THE TASK: In the material below, find the line with "Rating Tv 🇹🇷 din 28.03.2019" and the line with "Подведены итоги дистанционного", then output both and every line between them exactly, omitting pictures.

*** MATERIAL TO PROCESS

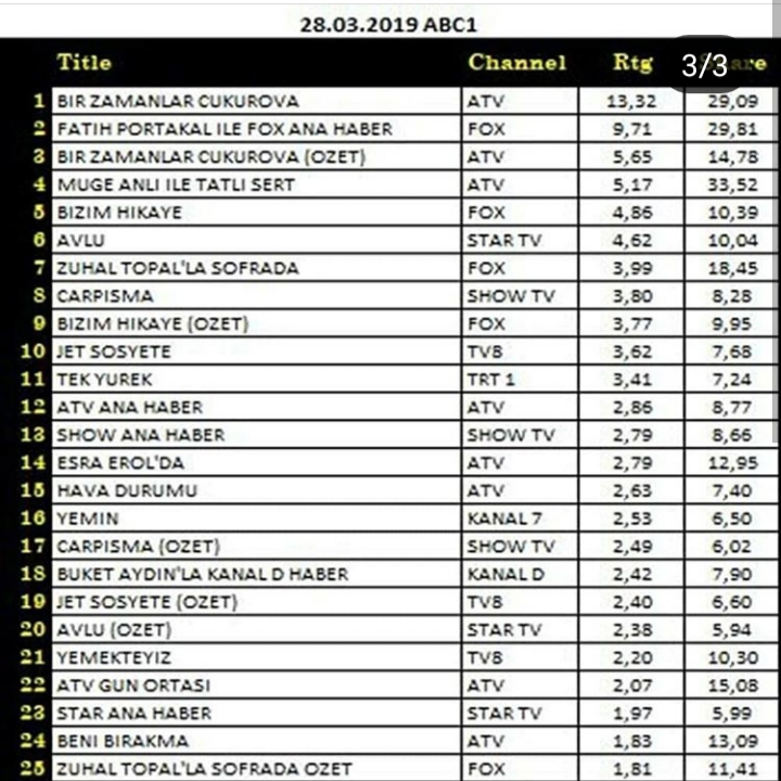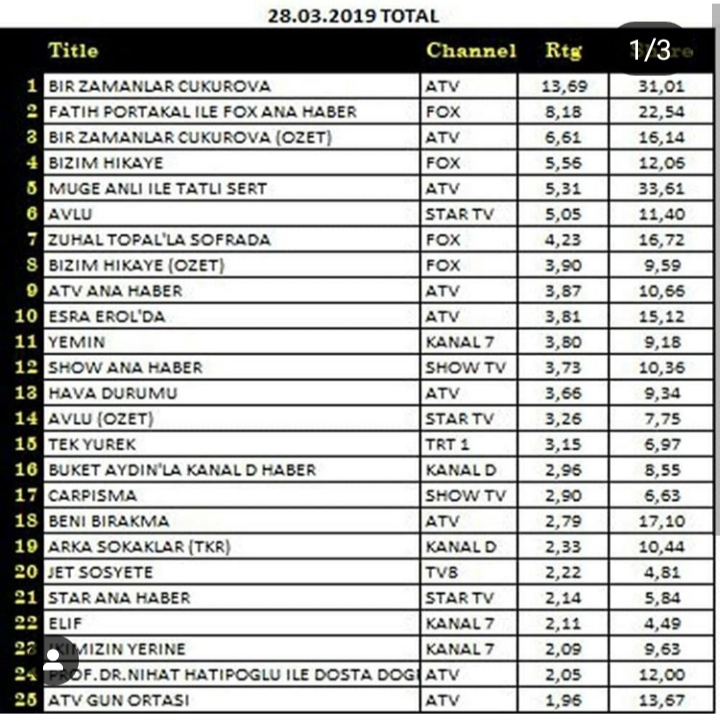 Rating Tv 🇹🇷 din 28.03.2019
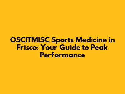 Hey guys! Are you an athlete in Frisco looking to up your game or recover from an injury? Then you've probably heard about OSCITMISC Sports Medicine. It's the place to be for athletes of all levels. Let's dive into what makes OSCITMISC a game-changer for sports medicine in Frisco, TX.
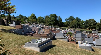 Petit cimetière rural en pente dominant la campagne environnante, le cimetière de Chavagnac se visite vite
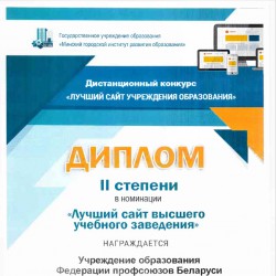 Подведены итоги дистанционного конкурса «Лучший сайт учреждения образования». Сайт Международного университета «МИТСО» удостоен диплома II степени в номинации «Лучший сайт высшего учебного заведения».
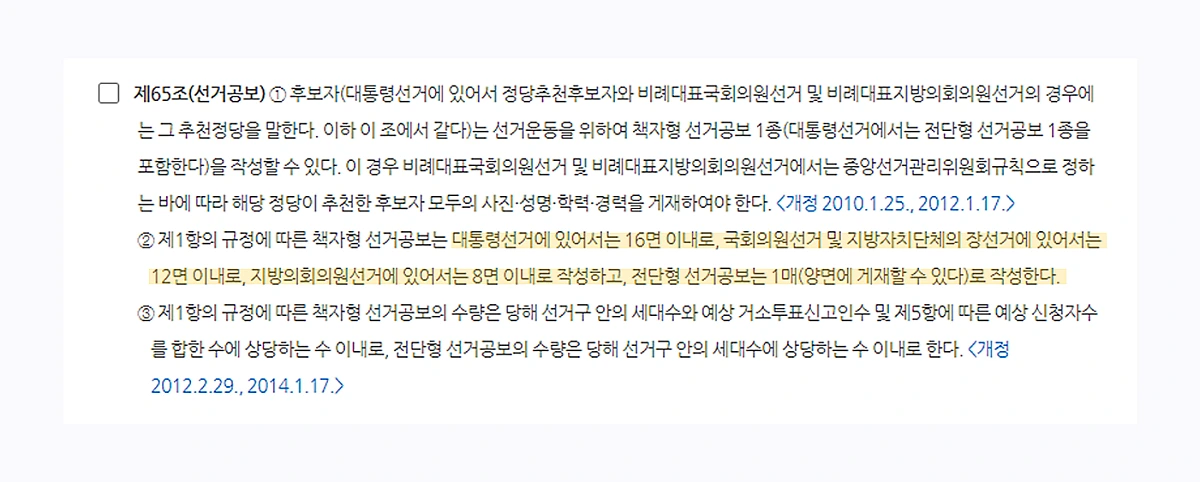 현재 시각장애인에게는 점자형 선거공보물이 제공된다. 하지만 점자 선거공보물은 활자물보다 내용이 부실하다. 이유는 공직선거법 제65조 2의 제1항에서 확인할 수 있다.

******
*** MATERIAL TO PROCESS

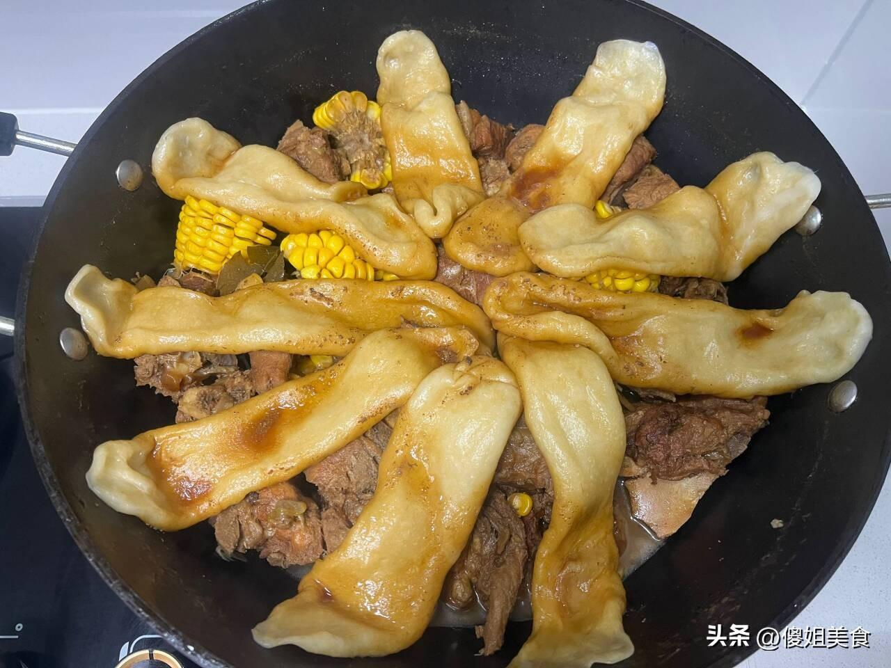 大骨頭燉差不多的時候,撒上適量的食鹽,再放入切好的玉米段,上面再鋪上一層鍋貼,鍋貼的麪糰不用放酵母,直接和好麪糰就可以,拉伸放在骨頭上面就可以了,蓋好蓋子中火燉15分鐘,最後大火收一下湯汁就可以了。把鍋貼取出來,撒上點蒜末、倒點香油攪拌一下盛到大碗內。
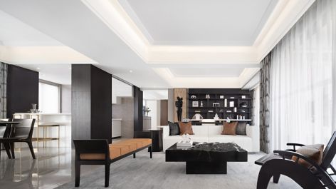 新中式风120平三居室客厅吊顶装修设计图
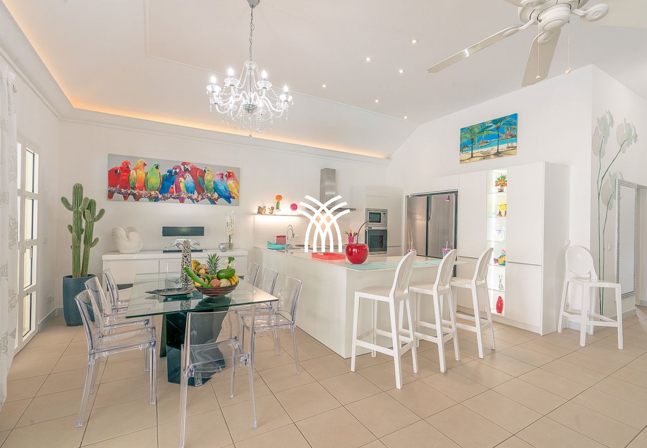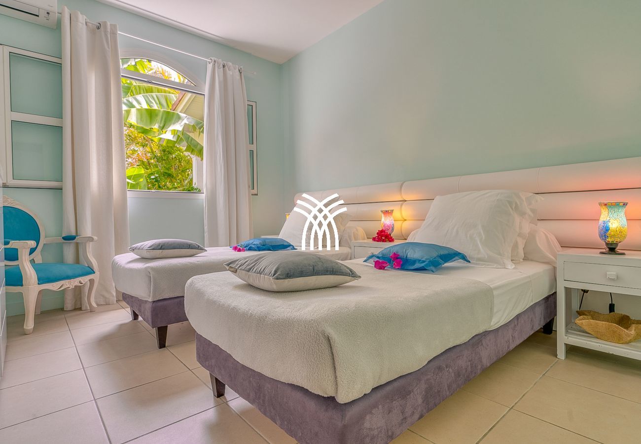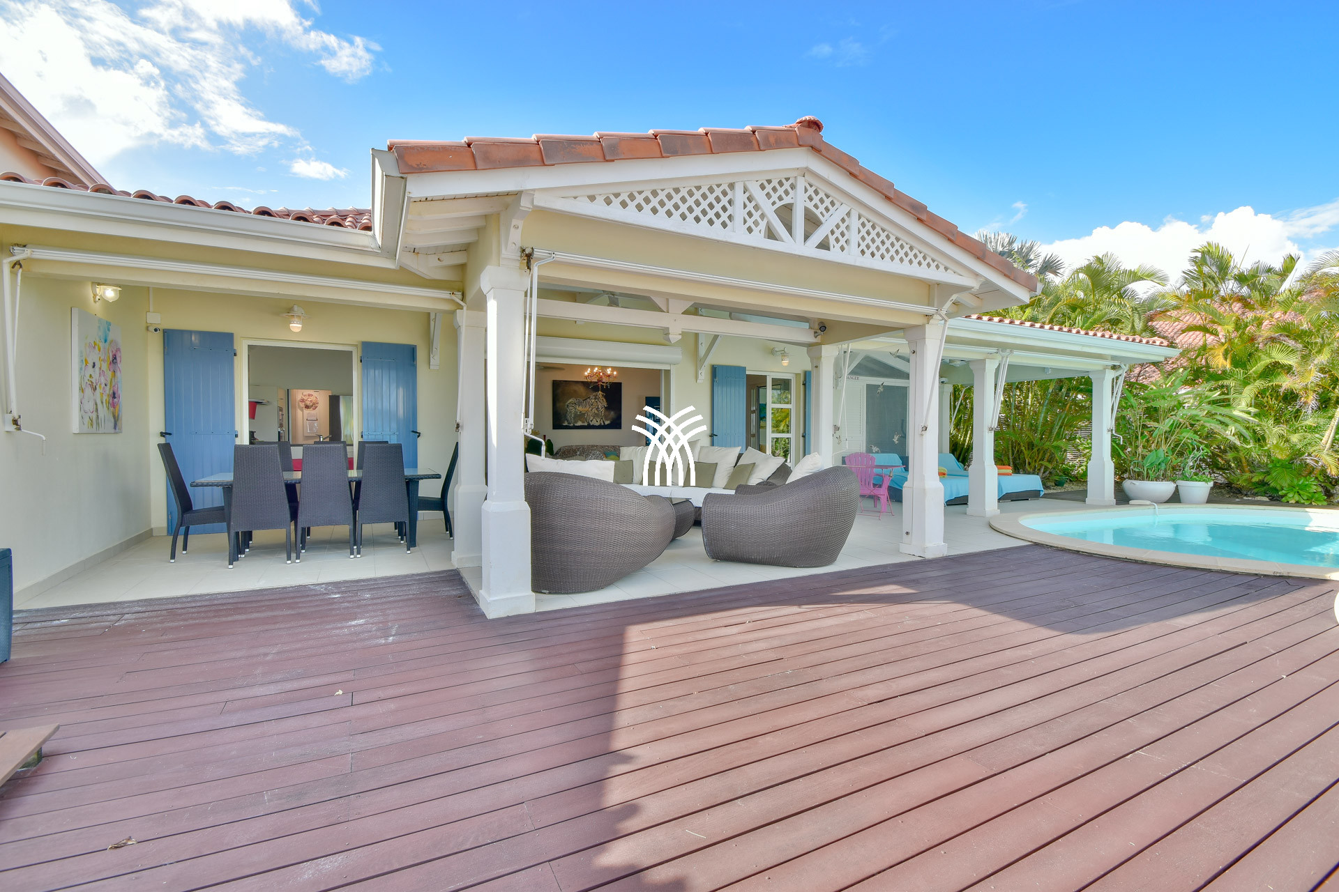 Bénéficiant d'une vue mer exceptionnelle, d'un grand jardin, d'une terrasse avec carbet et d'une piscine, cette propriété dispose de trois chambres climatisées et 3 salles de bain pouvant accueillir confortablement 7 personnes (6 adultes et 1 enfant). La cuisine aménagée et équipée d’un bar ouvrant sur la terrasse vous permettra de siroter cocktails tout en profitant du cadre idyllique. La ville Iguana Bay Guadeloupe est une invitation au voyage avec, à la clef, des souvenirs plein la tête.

******

SOLUTION FOR THIS TASK:
 Rating Tv 🇹🇷 din 28.03.2019
 Hey guys! Are you an athlete in Frisco looking to up your game or recover from an injury? Then you've probably heard about OSCITMISC Sports Medicine. It's the place to be for athletes of all levels. Let's dive into what makes OSCITMISC a game-changer for sports medicine in Frisco, TX.
 Petit cimetière rural en pente dominant la campagne environnante, le cimetière de Chavagnac se visite vite
 Подведены итоги дистанционного конкурса «Лучший сайт учреждения образования». Сайт Международного университета «МИТСО» удостоен диплома II степени в номинации «Лучший сайт высшего учебного заведения».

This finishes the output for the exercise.